ACTIVITY: What are the lines below, starting at the line containing "根據(jù)彈性力學(xué" and ending at the line containing "グラウンドで体を動かして、伸び伸びと体操をします。"? Write them out exactly, ends included, without pictures.

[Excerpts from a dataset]

--

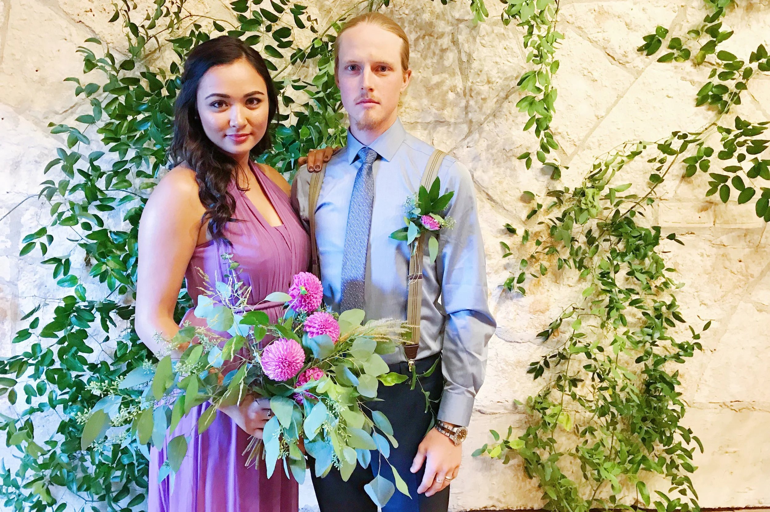 This cross made from cedar stood about 9 feet tall and served as the centerpiece of the ceremony's backdrop. The couple wanted it to be adorned with flowers and greenery, much like the bouquets and boutonnieres, but also wanted to be able to reuse it for the sweetheart table at the reception.
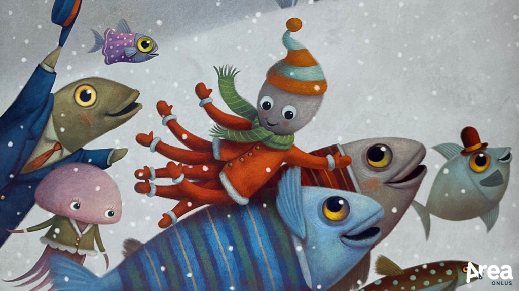 Il libro si rivela poi davvero speciale anche per un altro motivo: è uno dei primi, infatti, in cui si sperimenta l’uso di un font maiuscolo ad alta leggibilità, piacevolmente inserito all’interno di un albo illustrato. Nella proposta di una casa editrice attenta e lungimirante come Sinnos si legge dunque il tentativo di avvicinare serenamente i bambini dislessici alla parola scritta fin dai loro primi contatti con le pagine dei libri.
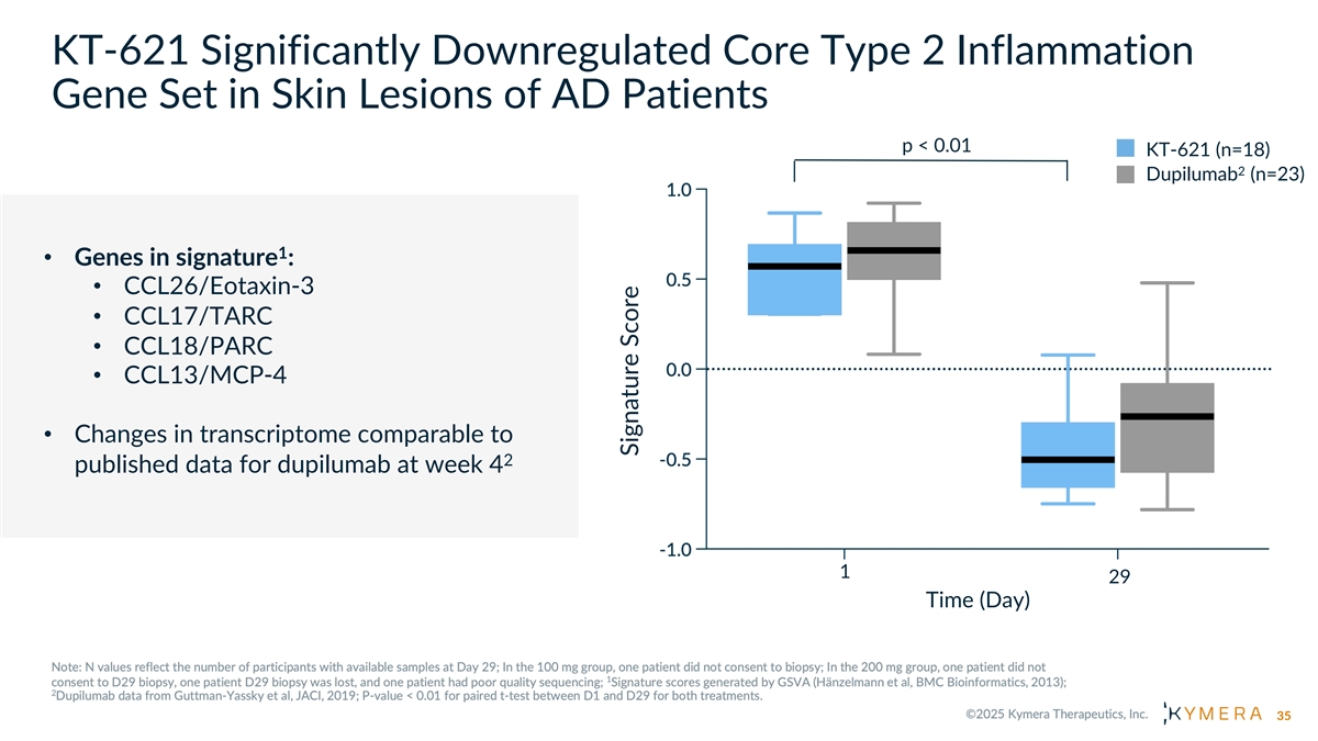 KT-621 Significantly Downregulated Core Type 2 Inflammation Gene Set in Skin Lesions of AD Patients p < 0.01 KT-621 (n=18) 2 Dupilumab (n=23) 1 • Genes in signature : • CCL26/Eotaxin-3 • CCL17/TARC • CCL18/PARC • CCL13/MCP-4 • Changes in transcriptome comparable to 2 published data for dupilumab at week 4 1 29 Time (Day) 35 Signature Score
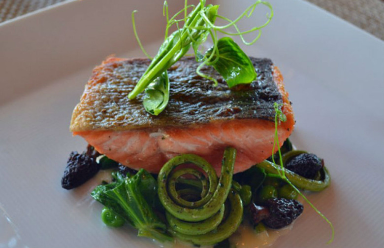 Pan-Roasted Salmon with Morel Mushrooms, Fiddlehead Ferns, and English Peas
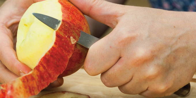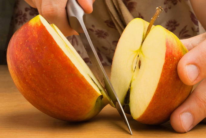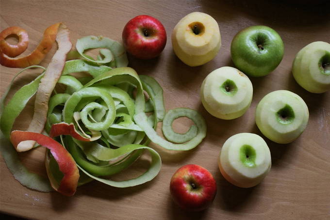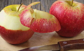 - We wassen de appels, vegen ze af en snijden de schil af. Als er een lichte rotting op het oppervlak van de vrucht of andere schade is, verwijderen we deze ook.
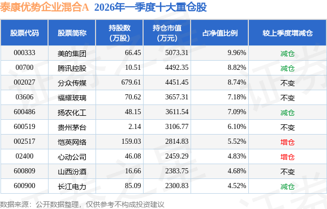 从基金规模来看,泰康优势企业混合A基金2026年一季度公布的基金规模为4.25亿元,较上一期规模7.87亿元变化了-3.62亿元,环比变化了-46.0%。该基金最新一期资产配置为:股票占净值比91.94%,债券占净值比6.0%,现金占净值比1.06%。从基金持仓来看,该基金当季前十大股票仓位达67.44%,第一大重仓股为美的集团(000333),持仓占比为9.96%。
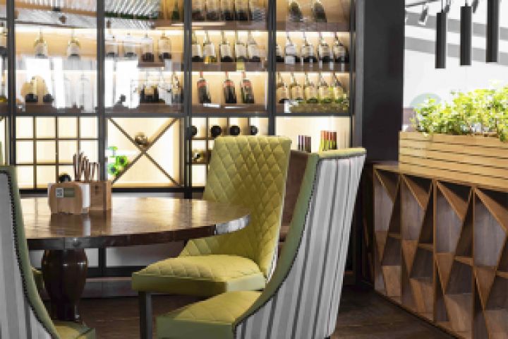Фотография реализованного проекта. Дизайн винного шкафа в ресторане на горнолыжном курорте.
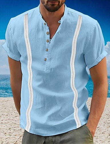 男性用 シャツ サマーシャツ カジュアルシャツ ビーチシャツ ボタンアップシャツ ライトブルー 半袖 縞 グランダッドカラー ラペル バケーション ハワイアン 衣類 ファッション カジュアル 快適
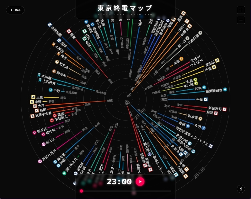 首都圏の終電が徐々になくなっていく様子を可視化した「東京終電マップ」
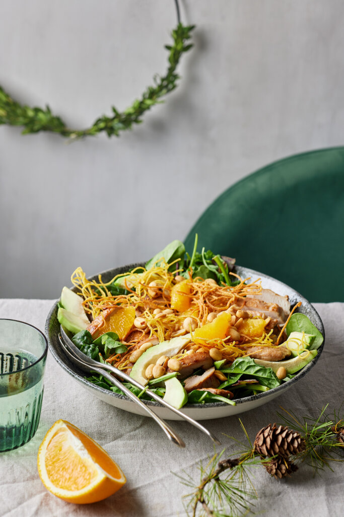 5. Lielā bļodā vai šķīvī liek salātu maisījumu, avokado, apelsīnu un vistas šķiņķīšus.
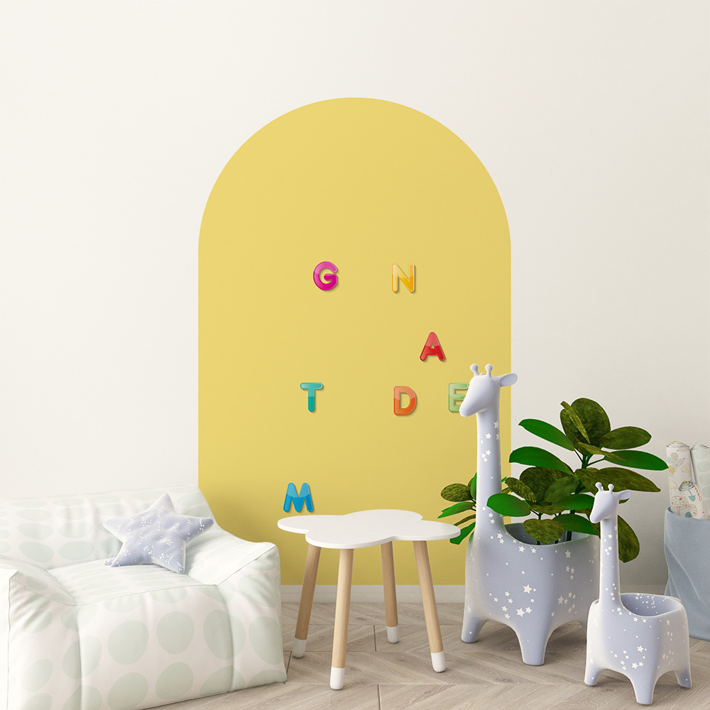 De lichtgele magnetische muurfolie kan op elke gewenste hoogte worden geplaatst. Voor de kinderkamer is het vaak prettig als de magnetische muursticker laag zit. Wil je deze in de woonkamer plaatsen en speelt je kind graag aan de eettafel? Dan kun je er natuurlijk ook voor kiezen om de magnetische muurfolie op de hoogte van het tafelblad te plaatsen. Deze keuze is helemaal aan jou!
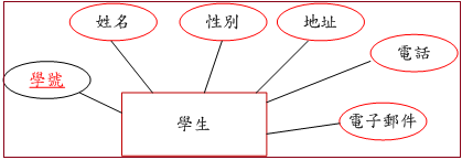 在真實環境裡,無論有形或無形的個體,都稱為實體。每一個實體是由若干個屬性來描述它的特質。圖 9-4 是表示學生的個體,它是由學號、姓名、性別、地址、電話與電子郵件等屬性來描述。為了達成每一筆記錄代表一個學生,學生之間不可重複,我們發現僅有『學號』滿足條件(1. 不可重複性、2. 最小性),因此我們選擇它為主鍵。
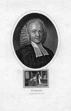 Leland was born in Wigan, Lancashire, on 18 October 1691.[1] He was educated in Dublin, Ireland and went into the ministry there. He was ordained co-pastor to Nathanael Weld (1660–1730) at New Row Presbyterian Church, Dublin, on 16 December 1716.[2] The church moved to Eustace Street, Dublin in 1728. Nathanael Weld's son Isaac (1710–1778), who was named after Nathanael's friend Sir Isaac Newton, was ordained in Eustace Street in 1732 as Leland's colleague. Isaac and Charles Weld, the writers, were the grandsons of the minister Isaac and thus the great-grandsons of Nathanael. Leland received his Doctor of Divinity degree from the University of Aberdeen in 1739.[1] His main interest was in opposing deism. He critiqued proponents of deist ideas, such as Matthew Tindal.[3]
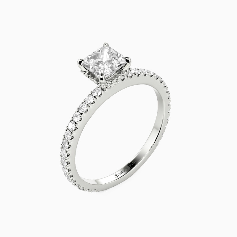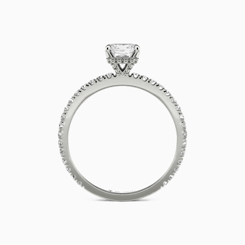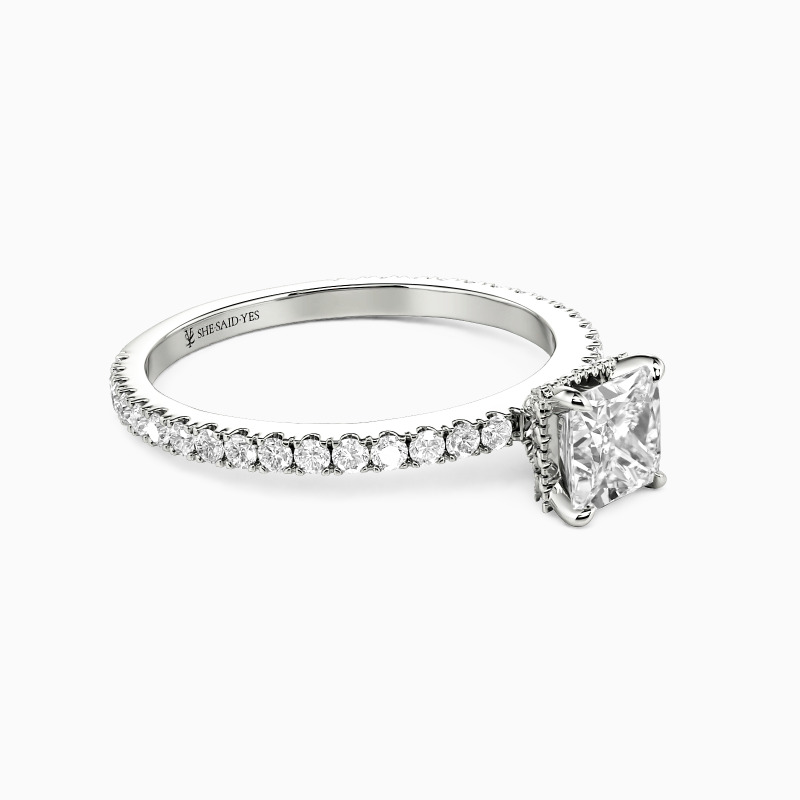 A timeless symbol of devotion, this engagement ring features a dazzling princess-cut center stone set within a delicate beaded basket, adding intricate charm. The pavé band glimmers with a continuous cascade of light, enhancing the ring’s brilliance. Elegant yet bold, this design balances modern sophistication with a touch of romantic craftsmanship.
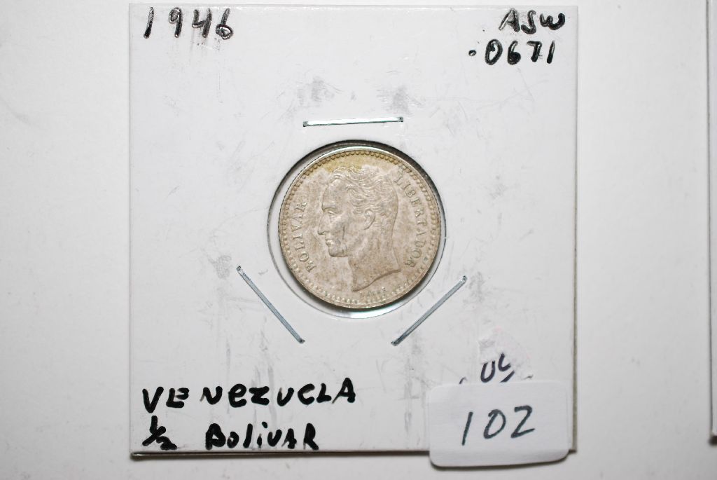 1946 Venezuela 1/2 Bolivar Foreign Coin; .0671 ASW; EST. $10-15
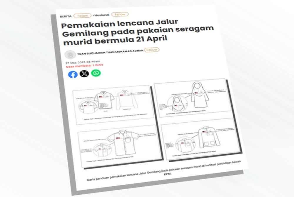 “Maklumat lanjut spesikasi lencana boleh didapati dalam Garis Panduan Pemakaian Lencana Jalur Gemilang pada Pakaian Seragam Murid di Institusi Pendidikan bawah KPM yang disertakan bersama-sama Surat Pekeliling Ikhtisas Bilangan 3/2025,” menurut FAQ itu.
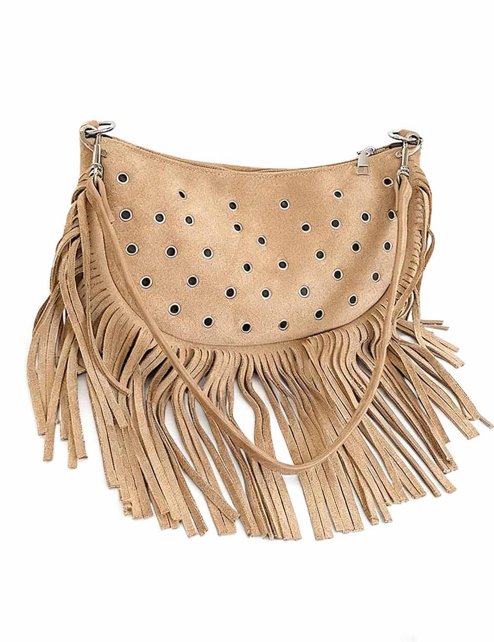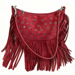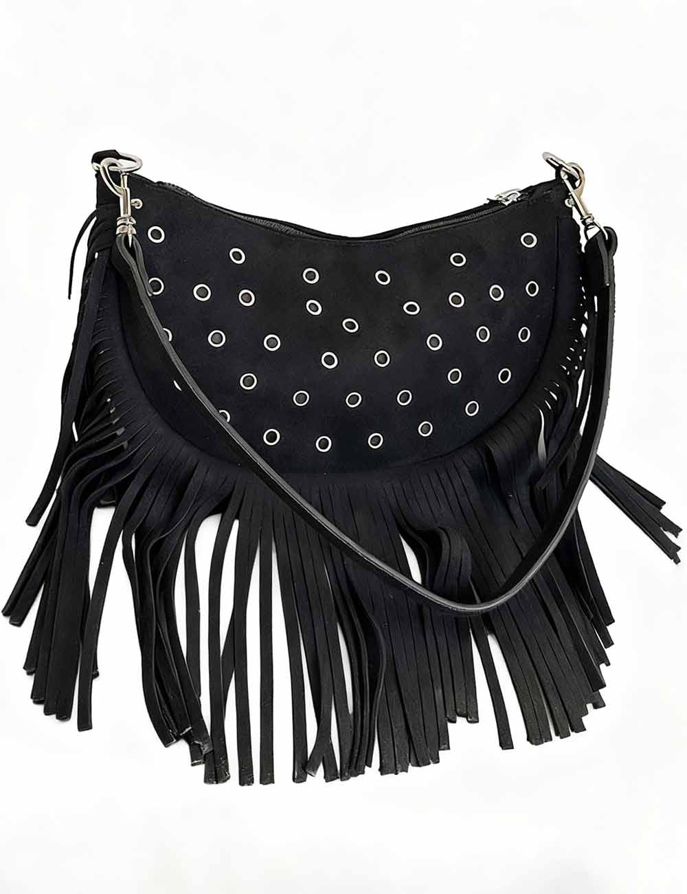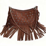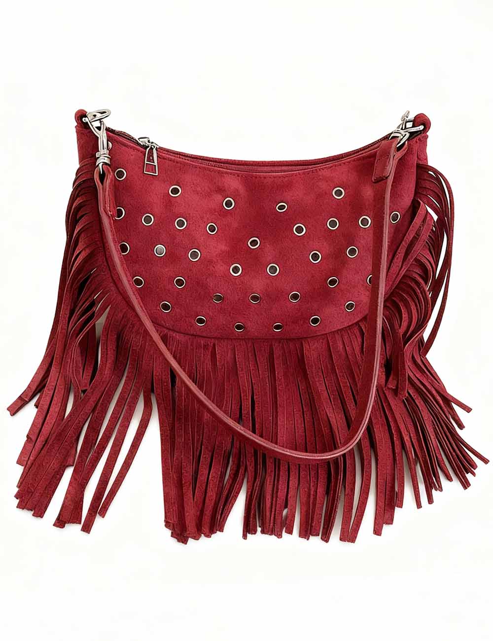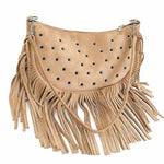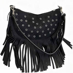 Ladies Vintage Fringe Studded Suede Shoulder Bag
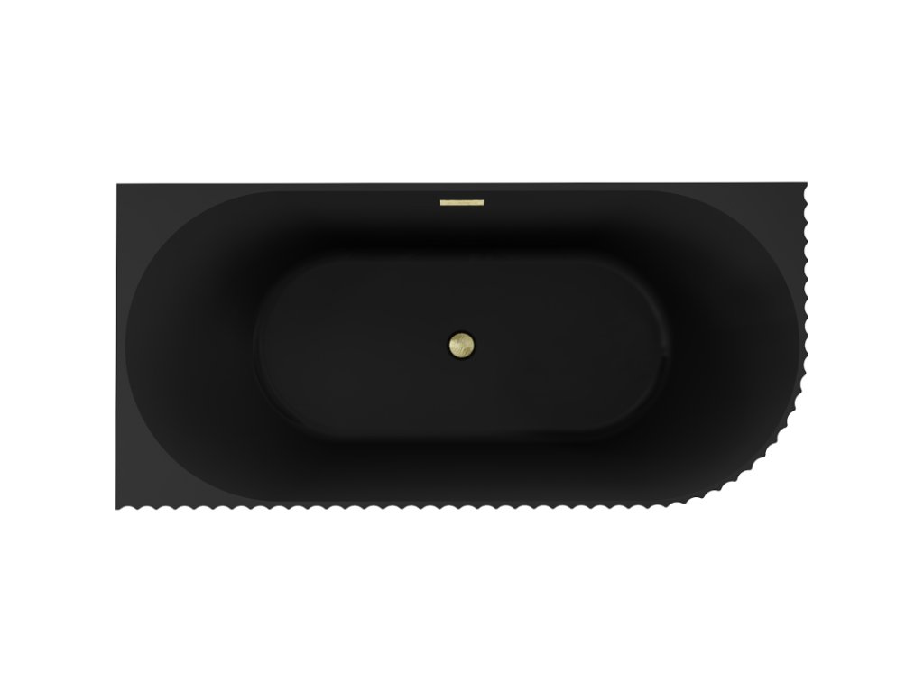 Mexen Gia voľne stojaca rohová vaňa s ľavým drážkovaním 150 x 75 cm, čierna matná, zlatý kartáčovaný prepad - 52701507571L-55
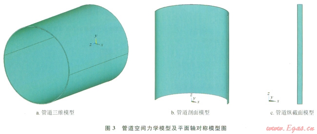 根據(jù)彈性力學(xué)和有限元理論,管道熱應(yīng)力和外擠載荷的空間問(wèn)題可以應(yīng)用平面應(yīng)力及軸對(duì)稱建立平面有限元模型,計(jì)算分析管道的應(yīng)力分布及大小如圖3所不。圖3-a為1219mm外徑X80管道空間力學(xué)模型;圖3-b為X80管道三維剖面,以2軸為對(duì)稱軸;圖3-c為管道縱軸旋轉(zhuǎn)截面,以z軸為對(duì)稱軸旋轉(zhuǎn)。
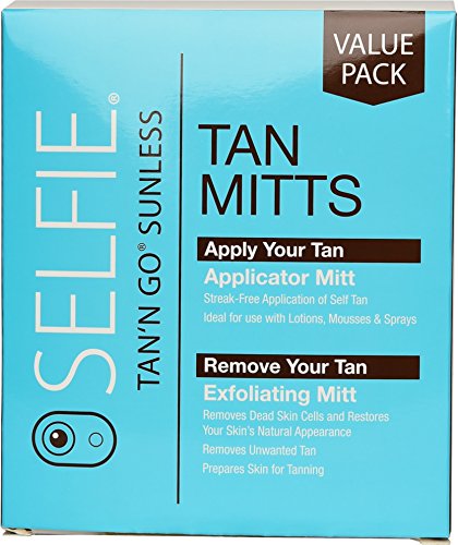 Apply Your Tan-Applicator Mitt-Quick and easy to use, Selfie®Applicator Mitt is perfect for helping you achieve a beautiful streak free tan. Ideal to use with mousses, lotions and even sprays, this mitt provides a water-resistant barrier to protect your hands from any unwanted staining.;Remove Your Tan-Exfoliating Mitt-Made out of 100% naturally derived fiber, the Selfie®Exfoliating Mitt will magically remove any fake tan and dead skin cells to restore your skin's natural appearance. Can be used as a dry buff or with water to prepare skin, ready for your next tan.
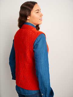 This slipover is knitted from the bottom up in Wavy Stitch Pattern, which consists of blocks of 6 rows (or rounds), repeating every 12 rows (or rounds). First, the front and back are worked separately back and forth to create side slits, then the body is joined and worked in the round to the underarms. The front and back are then worked separately. The back is shaped with German Short Rows to create a shoulder drop. The shoulders are joined with a 3-Needle Bind-Off. The armhole edges and neckline edge are worked in 1 x 1 Rib.
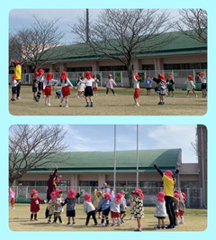 グラウンドで体を動かして、伸び伸びと体操をします。
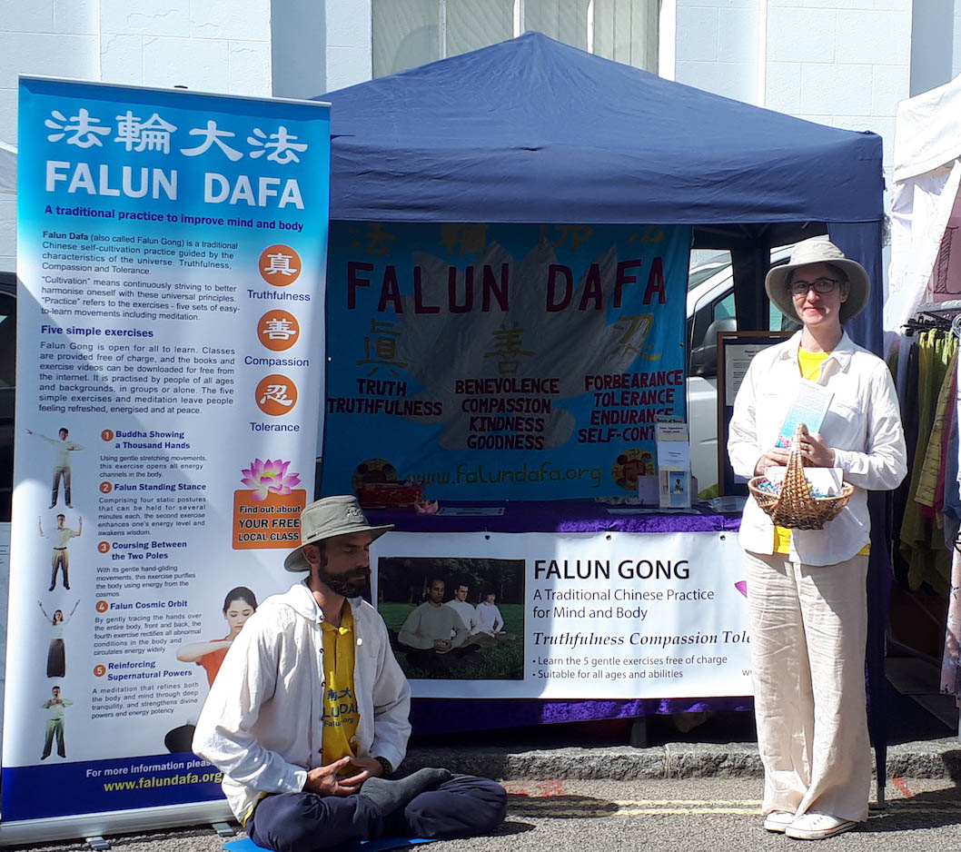 法轮功学员中有一对夫妻学员来自西德文郡,听说民众想学功,他们马上表示愿意在他们住的地方组织一个教功班。其中一对夫妻第一天与法轮功学员交谈后特别想学功,俩人第二天又来到真相台前跟学员表示要学功的愿望,其中那位男士说他能感受到来自法轮大法信息台的平和能量,挤满街道的其他任何摊位都不能与之相比。

--

SOLUTION TO THIS TASK:
 根據(jù)彈性力學(xué)和有限元理論,管道熱應(yīng)力和外擠載荷的空間問(wèn)題可以應(yīng)用平面應(yīng)力及軸對(duì)稱建立平面有限元模型,計(jì)算分析管道的應(yīng)力分布及大小如圖3所不。圖3-a為1219mm外徑X80管道空間力學(xué)模型;圖3-b為X80管道三維剖面,以2軸為對(duì)稱軸;圖3-c為管道縱軸旋轉(zhuǎn)截面,以z軸為對(duì)稱軸旋轉(zhuǎn)。
 Apply Your Tan-Applicator Mitt-Quick and easy to use, Selfie®Applicator Mitt is perfect for helping you achieve a beautiful streak free tan. Ideal to use with mousses, lotions and even sprays, this mitt provides a water-resistant barrier to protect your hands from any unwanted staining.;Remove Your Tan-Exfoliating Mitt-Made out of 100% naturally derived fiber, the Selfie®Exfoliating Mitt will magically remove any fake tan and dead skin cells to restore your skin's natural appearance. Can be used as a dry buff or with water to prepare skin, ready for your next tan.
 This slipover is knitted from the bottom up in Wavy Stitch Pattern, which consists of blocks of 6 rows (or rounds), repeating every 12 rows (or rounds). First, the front and back are worked separately back and forth to create side slits, then the body is joined and worked in the round to the underarms. The front and back are then worked separately. The back is shaped with German Short Rows to create a shoulder drop. The shoulders are joined with a 3-Needle Bind-Off. The armhole edges and neckline edge are worked in 1 x 1 Rib.
 グラウンドで体を動かして、伸び伸びと体操をします。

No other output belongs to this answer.